One set of orientation activities that has been arranged are tours to various companies. Included in them are tours to McKinsey (come in a suit), Goldman Sachs, Harley Davidson, Flying Fish Brewing company(venture capital acquired via the Internet, maverick startup, come in shorts, you may have to sit Indian style on the floor), etc.

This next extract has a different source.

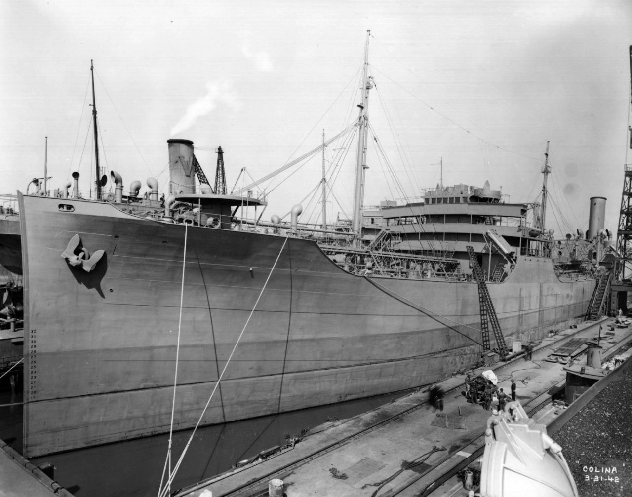 193k | US Maritime Administration tanker Colina at Bethlehem Steel Shipyard, Sparrows Point, MD., 31 March 1942, prior to acquisition by the Navy; note lack of armament at this point.
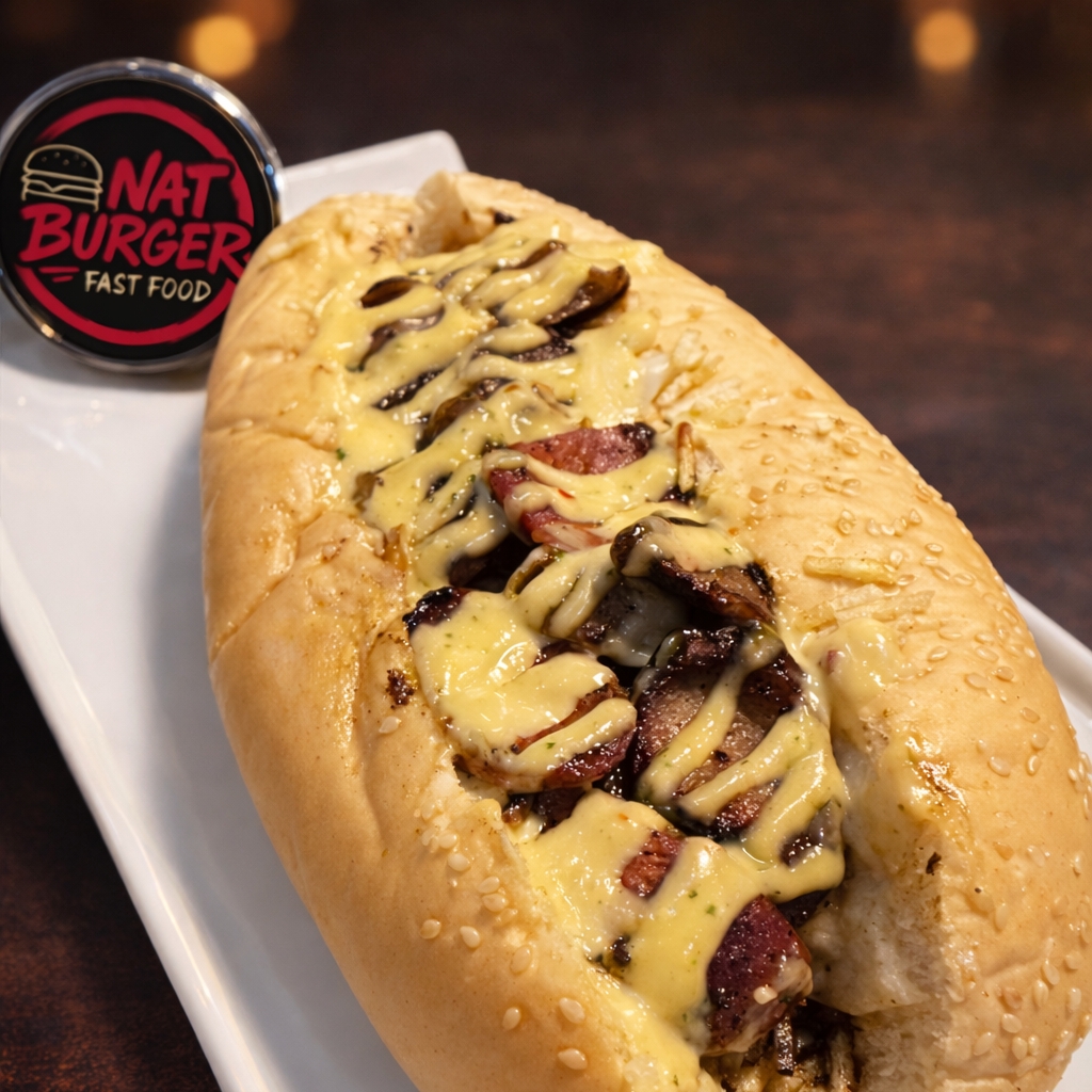 Pan finas hierbas, salchicha americana la plancha, lechuga, queso mozzarella gratinado, tocineta, papa chongo, salsa americana de la casa, salsa tártara.

Seats in all these programs are limited. Therefore there is an electronic bidding system and a trading mechanism in place. Everyone is given a thousand notional dollars. Twelve hours after arrival I have to submit sealed bids for the events of my choice with the 1000 dollars. The instructions I have been given tell me that “The clearing price for any event with k seats will be the amount of the k+1th bid or the first losing bid. A moments reflection or further coursework in microeconomics should persuade you that this second-price scheme will mitigate the “winners curse” of auctions – a tendency to bid and pay higher than the actual value you place on the auctioned item……………….”
This is supposed to be my introduction to the free market. But I don’t get it. My head is spinning. I am lost and bewildered. In my confused conundrum I have bid 8 dollars on a Microsoft Word advanced training program (!) along with two women from Wellesley College and none on the visit to the Trump Casino (Don Trump is a Wharton alumnus).
Did I take a wrong turn somewhere? Oh, kindly lead me to the simplicity movement that I now so cherish. It is insane here, but it is also insanely great!